An exact copy of every line from the one holding "Coloring description : Download" to the end of the entries below is required; leave the pictures out.

===== Supplied data

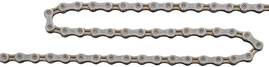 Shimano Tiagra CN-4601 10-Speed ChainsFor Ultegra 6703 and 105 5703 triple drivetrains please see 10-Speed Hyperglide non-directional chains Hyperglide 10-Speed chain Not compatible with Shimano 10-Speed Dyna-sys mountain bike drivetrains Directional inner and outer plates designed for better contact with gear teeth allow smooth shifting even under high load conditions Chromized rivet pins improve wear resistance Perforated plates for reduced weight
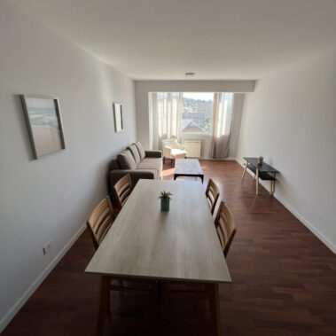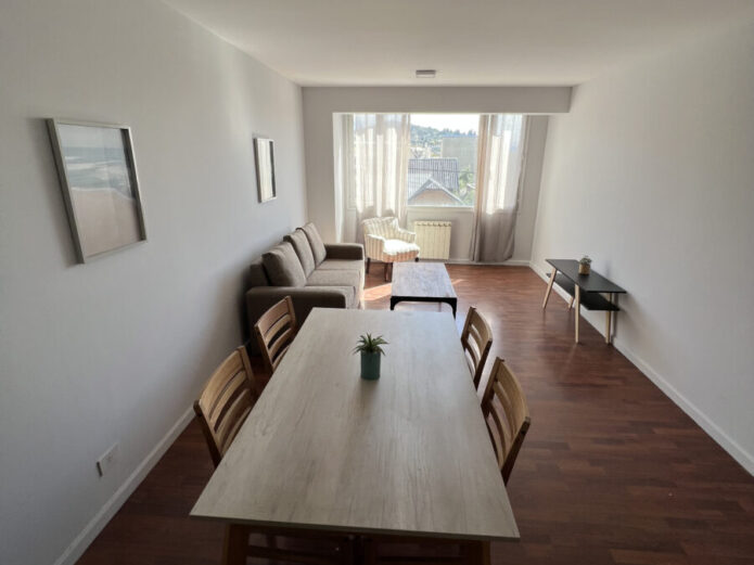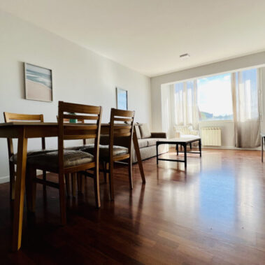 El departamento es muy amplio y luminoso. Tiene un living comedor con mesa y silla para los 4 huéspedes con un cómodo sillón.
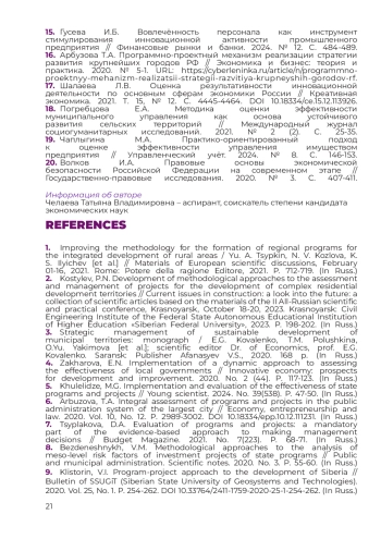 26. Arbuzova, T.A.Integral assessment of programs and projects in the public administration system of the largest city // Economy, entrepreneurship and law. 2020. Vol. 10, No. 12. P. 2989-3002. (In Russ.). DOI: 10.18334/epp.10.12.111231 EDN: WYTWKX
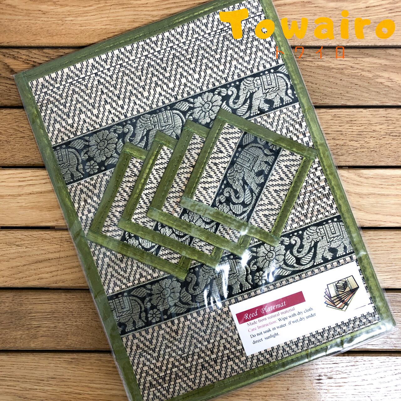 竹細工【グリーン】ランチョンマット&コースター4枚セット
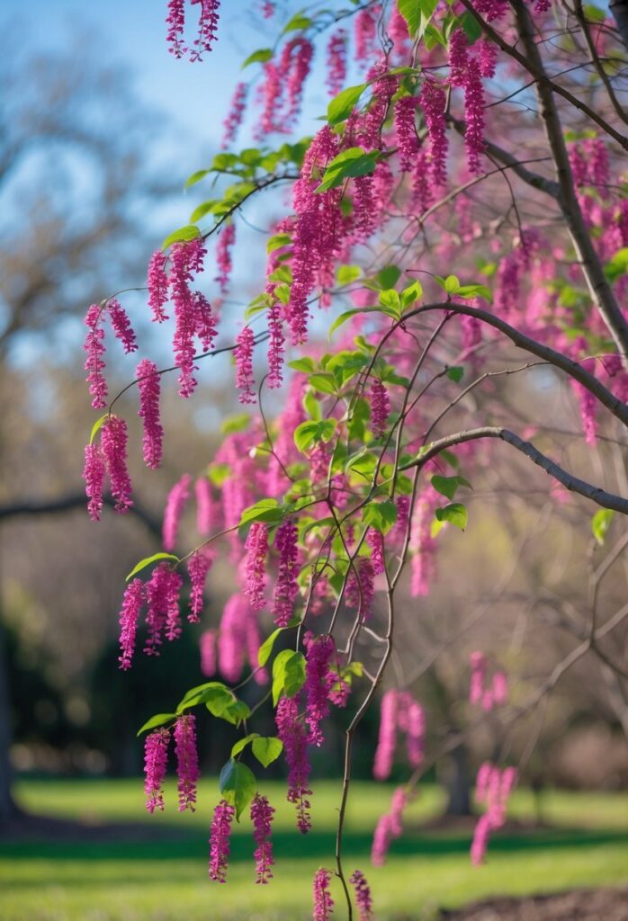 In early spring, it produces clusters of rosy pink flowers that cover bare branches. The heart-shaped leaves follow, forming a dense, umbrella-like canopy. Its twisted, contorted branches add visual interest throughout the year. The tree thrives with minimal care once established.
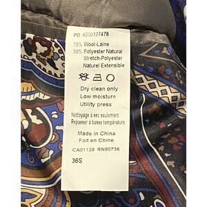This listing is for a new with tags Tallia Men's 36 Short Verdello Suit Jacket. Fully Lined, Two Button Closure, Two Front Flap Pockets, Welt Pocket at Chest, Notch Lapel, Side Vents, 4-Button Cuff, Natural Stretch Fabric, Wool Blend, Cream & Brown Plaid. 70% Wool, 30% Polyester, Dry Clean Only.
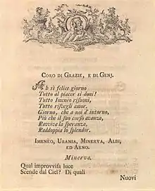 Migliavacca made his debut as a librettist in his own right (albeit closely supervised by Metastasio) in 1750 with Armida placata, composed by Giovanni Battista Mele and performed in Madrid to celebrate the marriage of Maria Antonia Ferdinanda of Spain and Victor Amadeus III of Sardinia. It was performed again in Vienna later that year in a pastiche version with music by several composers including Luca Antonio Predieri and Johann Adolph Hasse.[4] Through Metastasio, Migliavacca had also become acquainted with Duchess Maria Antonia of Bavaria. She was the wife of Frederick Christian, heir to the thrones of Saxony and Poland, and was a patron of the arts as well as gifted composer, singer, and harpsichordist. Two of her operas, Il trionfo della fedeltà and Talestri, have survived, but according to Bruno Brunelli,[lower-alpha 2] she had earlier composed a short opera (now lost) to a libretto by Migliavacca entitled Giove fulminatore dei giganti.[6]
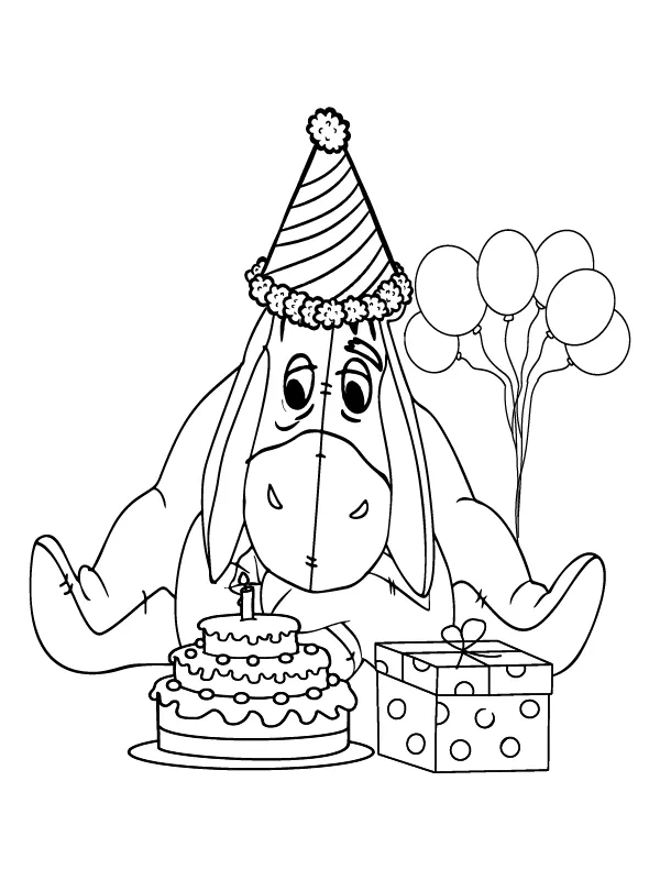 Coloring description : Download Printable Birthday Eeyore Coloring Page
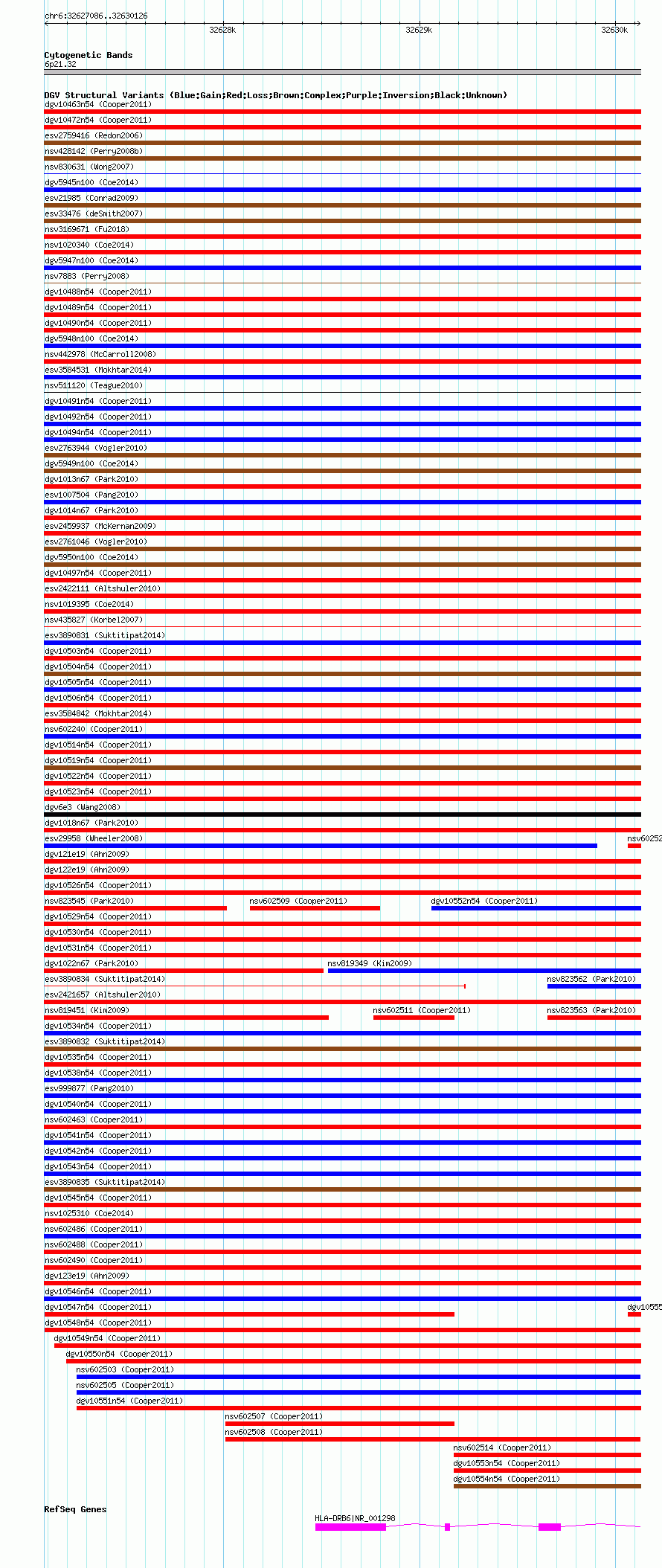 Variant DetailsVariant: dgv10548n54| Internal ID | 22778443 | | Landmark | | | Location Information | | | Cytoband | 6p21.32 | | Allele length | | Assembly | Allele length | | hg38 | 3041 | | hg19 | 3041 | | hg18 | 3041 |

==========

Task solution>
 Coloring description : Download Printable Birthday Eeyore Coloring Page
 Variant DetailsVariant: dgv10548n54| Internal ID | 22778443 | | Landmark | | | Location Information | | | Cytoband | 6p21.32 | | Allele length | | Assembly | Allele length | | hg38 | 3041 | | hg19 | 3041 | | hg18 | 3041 |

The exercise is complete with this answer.